LeandroNarloch

Escola chinesa, o oposto de Paulo Freire

21.02.20

É uma pena que o Reddit não seja popular no Brasil como nos Estados Unidos. É uma rede social menos política, menos polarizada e com debates melhores que o Facebook ou o Twitter. Reúne o que restou de blogueiros do início da internet, quando ainda havia paciência para longas reflexões fora da trincheira partidária.

Pois bem: um debate interessante tem acontecido ali e no blog de Scott Alexander, um dos participantes mais ativos do Reddit. O tema: será que pais endinheirados dos Estados Unidos e de todo o Ocidente, ao se preocuparem apenas com o conhecimento e a criatividade dos filhos, não estão criando gente indolente, sem disciplina ou autocontrole?

O ponto de partida da discussão é o livro Little Soldiers, em que a americana Lenora Chu descreve esquisitices e horrores de escolas chinesas. Depois de se mudar com a família para Xangai e inscrever o filho numa pré-escola chique da cidade, Lenora notou mudanças de comportamento do filho. Estava mais quieto. Passou a pedir para comer ovos cozidos, coisa que antes detestava.

Como o garoto aprendeu a gostar de ovos? “Lenora descobriu que Rainey estava sendo forçado a comer ovos. Quando ele recusava a comida (como sempre fazia), a professora juntava o ovo no chão e o empurrava na boca da criança. Quando Rainey cuspia o ovo (como sempre fazia), a professora repetia o gesto. O ciclo se repetia de três a cinco vezes até que o garoto se rendesse.”
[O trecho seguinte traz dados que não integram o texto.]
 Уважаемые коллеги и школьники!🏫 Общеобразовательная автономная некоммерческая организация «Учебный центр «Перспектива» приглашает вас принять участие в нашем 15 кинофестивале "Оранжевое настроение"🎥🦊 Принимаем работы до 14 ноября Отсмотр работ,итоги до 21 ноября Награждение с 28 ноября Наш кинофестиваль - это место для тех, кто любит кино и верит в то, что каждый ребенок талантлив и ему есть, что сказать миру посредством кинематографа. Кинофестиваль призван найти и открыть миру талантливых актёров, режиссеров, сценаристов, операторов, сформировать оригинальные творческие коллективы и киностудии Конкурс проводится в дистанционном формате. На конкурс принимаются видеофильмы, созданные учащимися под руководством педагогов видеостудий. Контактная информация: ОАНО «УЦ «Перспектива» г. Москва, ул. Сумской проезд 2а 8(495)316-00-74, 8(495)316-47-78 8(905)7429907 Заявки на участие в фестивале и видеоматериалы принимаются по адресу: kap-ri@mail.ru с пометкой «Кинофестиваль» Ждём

Basicamente, a pré-escola da China – país que já ficou em primeiro lugar no PISA – baseava-se em muita autoridade e nenhuma criatividade. Nada de aprender pelo contexto ou com suas próprias ferramentas, como pregava Paulo Freire. “Ficamos sentados parados”, respondeu o filho de Lenora sobre o que faziam o dia todo na escola.
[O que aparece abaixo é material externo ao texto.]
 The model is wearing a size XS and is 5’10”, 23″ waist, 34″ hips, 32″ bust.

Lenora precisou subornar uma funcionária para poder passar uma semana numa escola. Descobriu que o garoto falava a verdade. As crianças de 3 anos passavam horas sem se mexer, ouvindo gritos da professora sempre que avançavam uma perna e escorregavam da postura.

É difícil aceitar tanta rigidez, mas talvez as escolas americanas (e as brasileiras mais gourmetizadas) pequem pelo contrário. Preocupados demais em evitar traumas, “estimular a criatividade” e – o clichê que mais me tira do sério – “formar cidadãos”, pais endinheirados deixaram de lado as “virtudes não cognitivas” – a disciplina, o autocontrole, a perseverança.

Como diz um amigo, muita escola particular da Vila Madalena, em São Paulo, é na verdade uma fábrica clandestina de videoartistas. Seu egresso típico é – além do videoartista – o doutorando em História que aos 40 anos ainda mora com ao pais e luta para arrumar o quarto e entregar a tese.

Ao voltar de férias para os Estados Unidos, Lenora Chu percebeu que o filho estava mais educado que os parentes americanos da mesma idade. Fazia contas de matemática mais difíceis que as dos primos mais velhos. Gritava menos, pedia licença aos adultos e evitava comer bobagem.

Basta observar crianças num restaurante em São Paulo para concluir: sim, um pouco da autoridade chinesa faria bem à indolência brasileira.

Leandro Narloch é jornalista e autor do 'Guia Politicamente Incorreto da História do Brasil'.